← Back to context

Comment by kevmo314

8 hours ago

The wildest part is they’ll take those massive machines, shard them into tiny Kubernetes pods, and then engineer something that “scales horizontally” with the number of pods.

Yeah man, you're running on a multitasking OS. Just let the scheduler do the thing.

  • Yeah this. As I explain many times to people, processes are the only virtualisation you need if you aren’t running a fucked up pile of shit.

    The problem we have is fucked up piles of shit not that we don’t have kubernetes and don’t have containers.

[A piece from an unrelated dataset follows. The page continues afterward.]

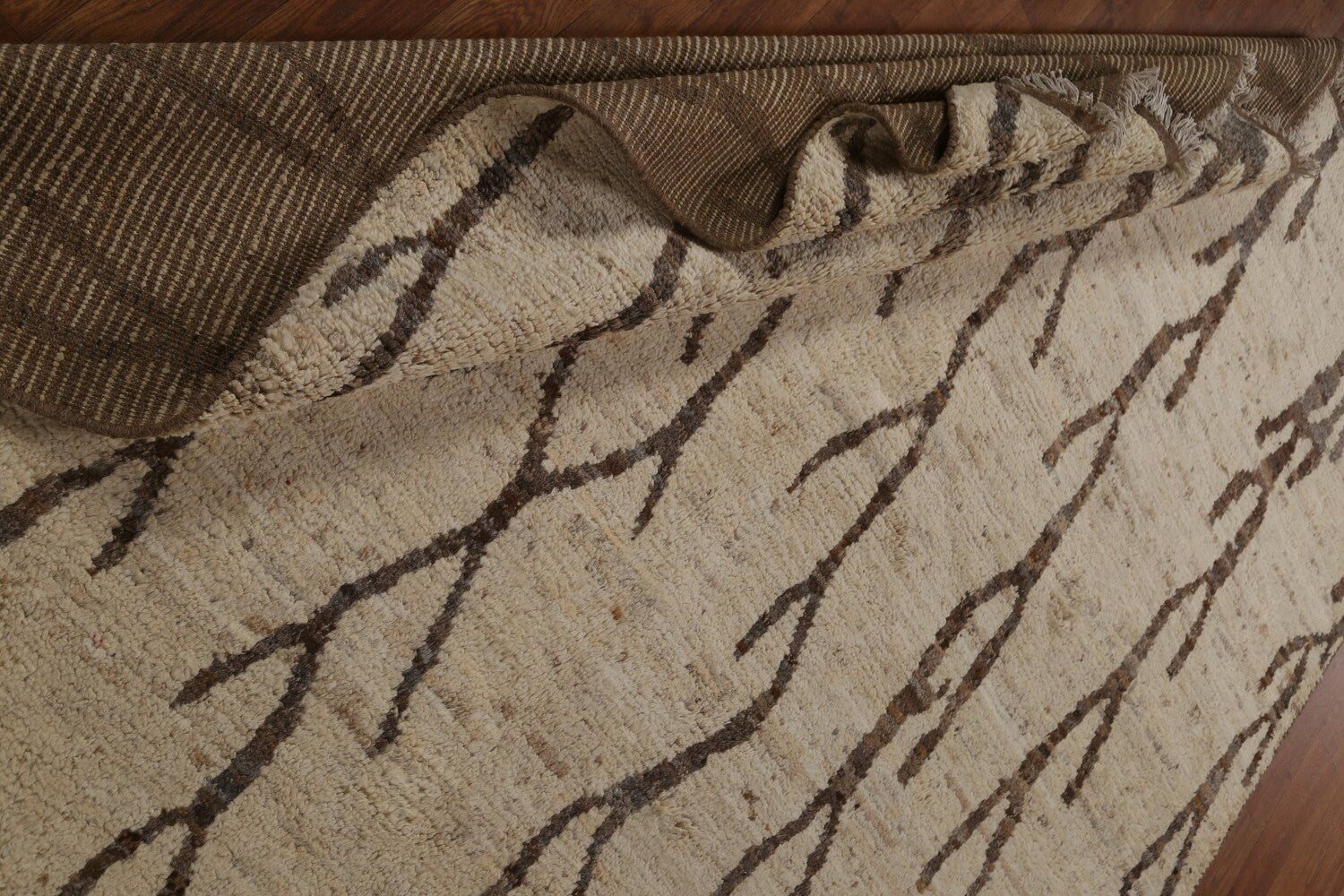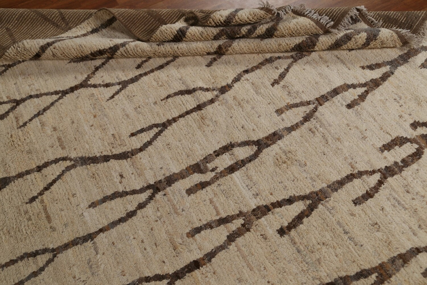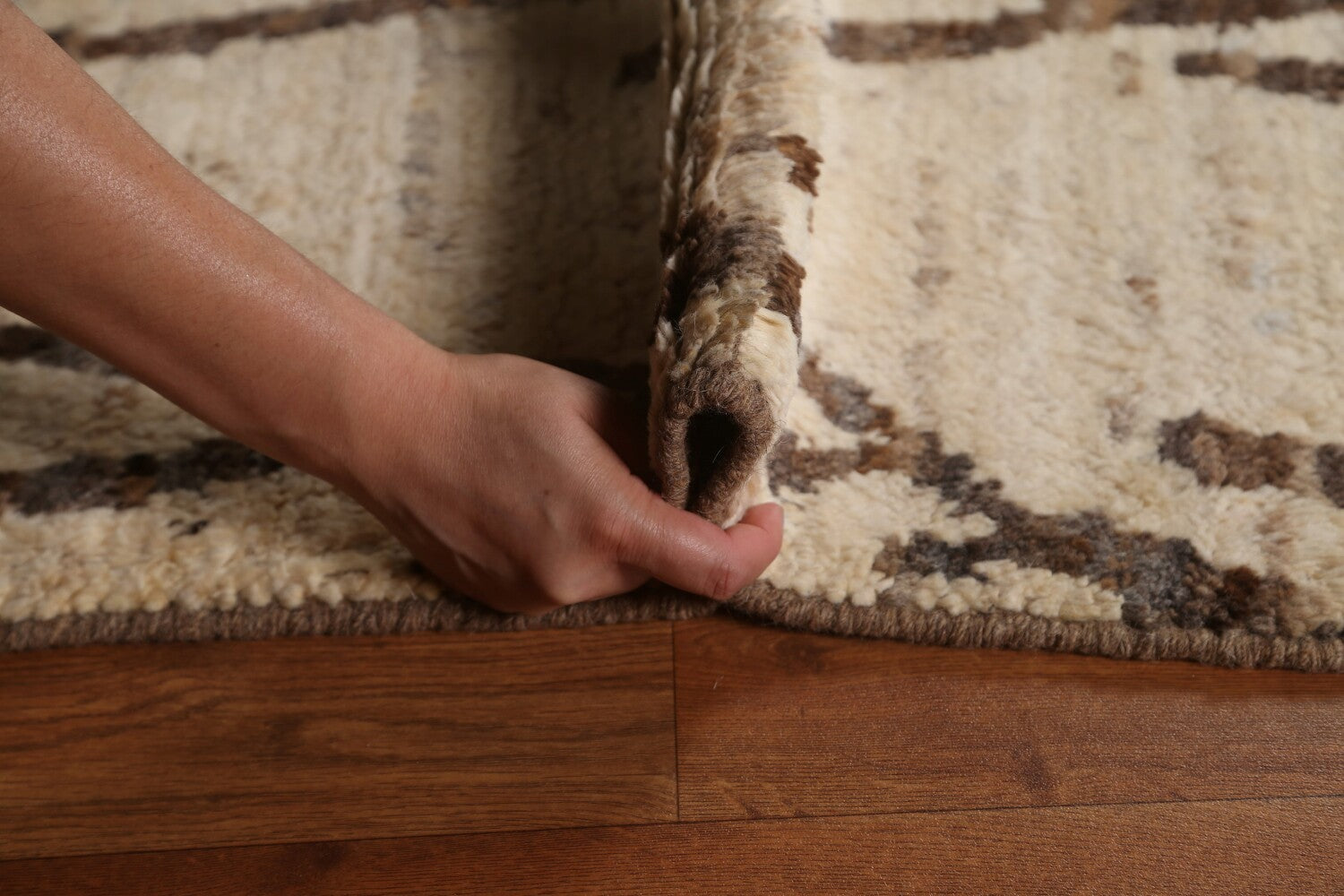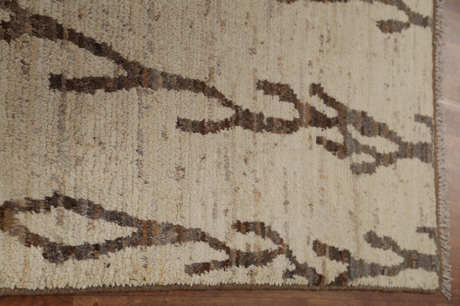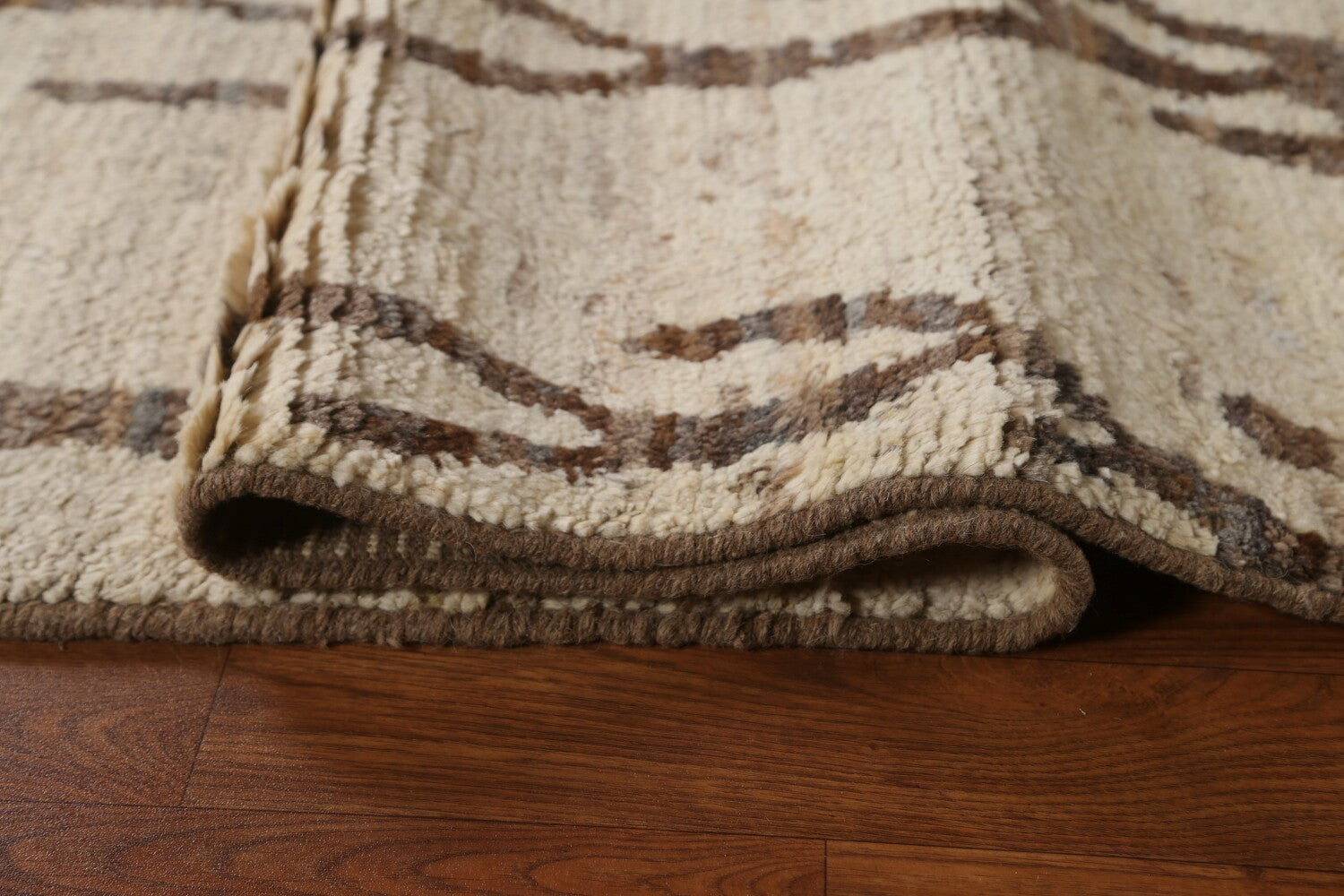 A Beautiful Genuine Pakistan Moroccan rug is Hand Knotted by skillful weavers in Pakistan with 100% Wool Material. This rug is in condition. dimensions are 9' 10'' X 6' 8'' in foot and 300 X 203 in centimeter. the primary color is Beige & Ivories.

    • Containers are just processes plus some namespacing, nothing really stops you from running very huge tasks on Kubernetes nodes. I think the argument for containers and Kubernetes is pretty good owing to their operational advantages (OCI images for distributing software, distributed cron jobs in Kubernetes, observability tools like Falco, and so forth).

      So I totally understand why people preemptively choose Kubernetes before they are scaling to the point where having a distributed scheduler is strictly necessary. Hadoop, on the other hand, you're definitely paying a large upfront cost for scalability you very much might not need.

      1 reply →

    • Hahhah, yuuuup.

      I can maybe make a case for running in containers if you need some specific security properties but .. mostly I think the proliferation of 'fucked up piles of shit' is the problem.

    • Disagree.

      Different processes can need different environments.

      I advocate for something lightweight like FreeBSD jails.

  • Its all fun and games, until the control plane gets killed by the OOMkiller.

    Naturally, that detaches all your containers. And theres no seamless reattach for control plane restart.

    • Or your CNI implementation is made of rolled up turds and you lose a node or two from the cluster control plane every day.

      (Large EKS cluster)

  • Until you need to schedule GPUs or other heterogenous compute...

    • Are you saying that running your application in a pile of containers somehow helps that problem ..? It's the same problem as CPU scheduling, we just don't have good schedulers yet.. Lots of people are working on it though

To be fair each of those pods can have dedicated, separate external storage volumes which may actually help and it’s def easier than maintaining 200 iscsi or more whatever targets yourself

I mean, a large part of the point is that you can run on separate physical machines, too.